Thursday, May 1, 2008

Stories Of Place

by Remelle

It’s a well known fact, one of those you learn in grade school, that humans experience life through five senses, taste, touch, smell, hearing, and sight. But, I’ve learned a sixth sense exists, and it is absolutely essential for most folks to value an experience. It’s the sense of story. We are hungry for a connection. No matter how beautiful the sound or awe inspiring the view, our experience is richer, and more likely to leave a lasting impression, if we can also share the story, the experiences, the challenges and triumphs of the people, or even the birds and animals who share this old earth with us . No matter how sensory splendid the place, we humans are drawn to the story. What happened here, who to and why?

It’s this sense of story that transforms barren and desolate places into remote and romantic, changes mundane into exciting adventure and drives people to get up at 4 in the morning to eat a breakfast that tastes like smoke from a chuck wagon, watch a bird in the cold pre-dawn air, buy a ticket to listen to a cowboy poet, or trek through an abandoned copper mine.

Luckily, in Knox County we are blessed with an abundance of stories and story tellers.
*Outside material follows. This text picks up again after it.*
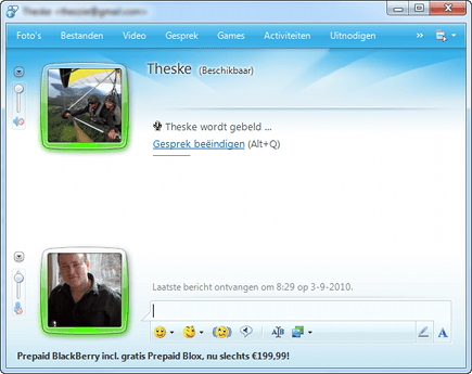 Skype installeren is natuurlijk een kleine moeite, maar wanneer u het alleen wilt gebruiken voor gesprekken tussen twee computers, dan is dit wellicht niet eens nodig. Er zijn prima alternatieven, zoals Live Messenger van Microsoft. Live Messenger (ooit begonnen onder de naam Windows Messenger) is van oorsprong een chatprogramma waarmee u over en weer berichtjes kunt sturen met uw contactpersonen. Het programma bevat ook de mogelijkheid om deze contactpersonen op te 'bellen'. Om een dergelijk gesprek te beginnen dubbelklikt u binnen Live Messenger op de gewenste contactpersoon om een chatvenster te openen en vervolgens op Gesprek. De webcam zal automatisch in worden geschakeld wanneer u deze hebt aangesloten en het videogesprek wordt tot stand gebracht. Voor een-op-eengesprekken werkt dit prima, wilt u echter een groepsgesprek met video, dan zal Live Messenger weinig voor u kunnen betekenen.

Whether your ambition is to instill in your own family a sense of pride in this place we call home, entertain guests or to inspire others to make Knox County their home, we’ve an abundance of richness in both storied spots and stories to call on.

I’ve been visiting, and collecting the stories of, a few spots here in Knox County, to share with you, in hopes you’ll pass them on. Here’s one of my personal favorites.

Beauty and an inspiring story of the romance between a people and their beliefs, explains the attraction to Knox County’s most unique building, Saint Joseph’s Catholic Church at Rhineland.
Molding 6 bricks at a time, the parishioners outlasted the depression, the dust bowl and World War II to achieve their dream. Starting in 1927 and persevering until they had fashioned 80,000 bricks by hand, this community of farmers built, over 24 years, the classic European cathedral, on the Texas plains. Finally completed in 1951, the church with its hand carved gothic alter and classic archetecturial details hosts worshipers every week and welcomes guests both during services and for tours. The sun shining through stained glass is physically a thing of beauty and spiritually a testament to the dedication and persistence of people with a purpose. The closeness of the community, almost a 120 years after it was established as a mission colony, is testament to the power of a shared goal. The story of how this small congregation of farmers met the challenges of life as immigrants, endured the split of their population to start the new towns of Windthorst and Nazareth, and still retained the strength, determination and inspiration to envision, much less complete, this massive project renews my faith in our ability to overcome obstacles to our vision for the future in Knox County.